- [THE PROBLEM]: Write out the listing below in its entirety, minus the pictures, without changing a word.

- [DATA SECTION]:
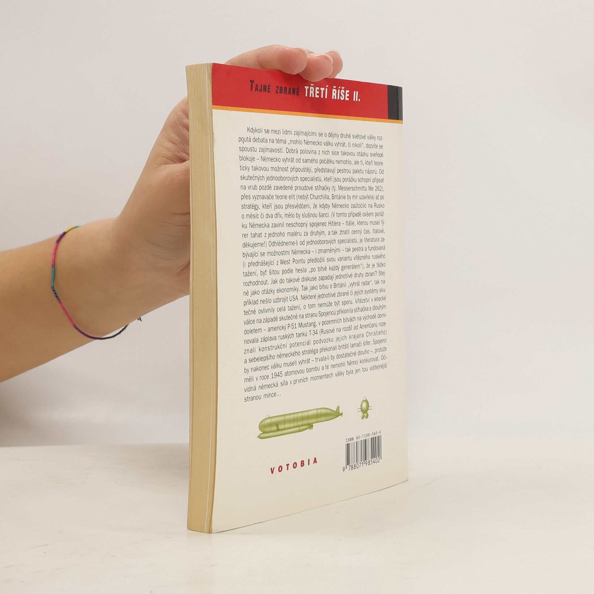 V letech 1939-1945 se v Německu vedle technicky zdařilých a pokročilých zbrojních projektů objevily i kuriozity, které rozhodně nemohly ovlivnit průběh 2. světové války. Dočteme se o vývoji, konstrukci a bojovém nasazení letounové střely V-1, nadějné raketové střely V-2, samonaváděcí protiletadlové střely Enzian, přímé předchůdkyně taktických a protitankových střel rakety X-4 či protilodní raketové pumy Henschel a mnoha dalších zbraní. Autor krátce popisuje i německý "Program U", projekt na výrobu jaderných zbraní. Fotografie, kresby, řezy, tabulky s technickými údaji Druhá část studie o mimořádně utajovaných vojenských projektech a konstrukcích,které vyvíjelo Německo za 2. světové války Je nesporné, že němečtí letečtí konstruktéři, stavitelé ponorek, ale i inženýři a technici z mnoha dalších oborů patřili k průkopníkům a špičce světového vývoje. Ale ani časnější nasazení prvního a nejvýkonnějšího proudového letounu 2. světové války Messerschmitt Me 262, nejmodernějších typů ponorek či dalších pokročilých zbrojních systémů by zřejmě, v protikladu k nesmírnému vědeckému a výrobnímu potenciálu Spojenců, neovlivnilo výsledek 2. světové války. Fotografie, kresby, řezy, schémata, seznam literatury. W1e 20030217 kyliank Studie se zabývá utajovanými vojenskými projekty, které realizovalo Německo za 2. světové války
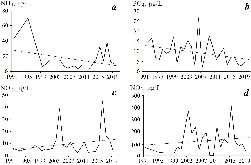 The absence of significant trends in nutrient concentration changes in 1991–2020 confirms the conclusions made in [5, 15]. During the same period, no significant trends in other abiotic components of the ecosystem, such as river runoff, precipitation and water level, were observed [1]. During this period, multidirectional trends in the nutrient concentrations were identified in wastewaters [4]. Obviously, the integral influence of all these factors (economic activity and warming) and sources of nutrient entry (river runoff and wastewaters) during the period under review did not significantly affect the nutrient temporal variability.
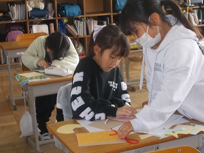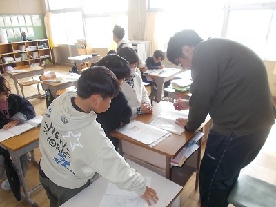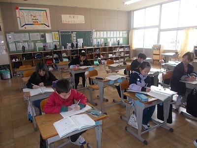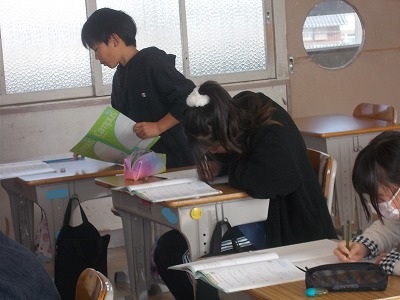 4年生の算数は、分数のまとめの問題を解いていました。たくさんの問題がありましたが、一生懸命解いて、先生に見てもらっていました。

- [SOLUTION TO THIS PROBLEM]:
 V letech 1939-1945 se v Německu vedle technicky zdařilých a pokročilých zbrojních projektů objevily i kuriozity, které rozhodně nemohly ovlivnit průběh 2. světové války. Dočteme se o vývoji, konstrukci a bojovém nasazení letounové střely V-1, nadějné raketové střely V-2, samonaváděcí protiletadlové střely Enzian, přímé předchůdkyně taktických a protitankových střel rakety X-4 či protilodní raketové pumy Henschel a mnoha dalších zbraní. Autor krátce popisuje i německý "Program U", projekt na výrobu jaderných zbraní. Fotografie, kresby, řezy, tabulky s technickými údaji Druhá část studie o mimořádně utajovaných vojenských projektech a konstrukcích,které vyvíjelo Německo za 2. světové války Je nesporné, že němečtí letečtí konstruktéři, stavitelé ponorek, ale i inženýři a technici z mnoha dalších oborů patřili k průkopníkům a špičce světového vývoje. Ale ani časnější nasazení prvního a nejvýkonnějšího proudového letounu 2. světové války Messerschmitt Me 262, nejmodernějších typů ponorek či dalších pokročilých zbrojních systémů by zřejmě, v protikladu k nesmírnému vědeckému a výrobnímu potenciálu Spojenců, neovlivnilo výsledek 2. světové války. Fotografie, kresby, řezy, schémata, seznam literatury. W1e 20030217 kyliank Studie se zabývá utajovanými vojenskými projekty, které realizovalo Německo za 2. světové války
 The absence of significant trends in nutrient concentration changes in 1991–2020 confirms the conclusions made in [5, 15]. During the same period, no significant trends in other abiotic components of the ecosystem, such as river runoff, precipitation and water level, were observed [1]. During this period, multidirectional trends in the nutrient concentrations were identified in wastewaters [4]. Obviously, the integral influence of all these factors (economic activity and warming) and sources of nutrient entry (river runoff and wastewaters) during the period under review did not significantly affect the nutrient temporal variability.
 4年生の算数は、分数のまとめの問題を解いていました。たくさんの問題がありましたが、一生懸命解いて、先生に見てもらっていました。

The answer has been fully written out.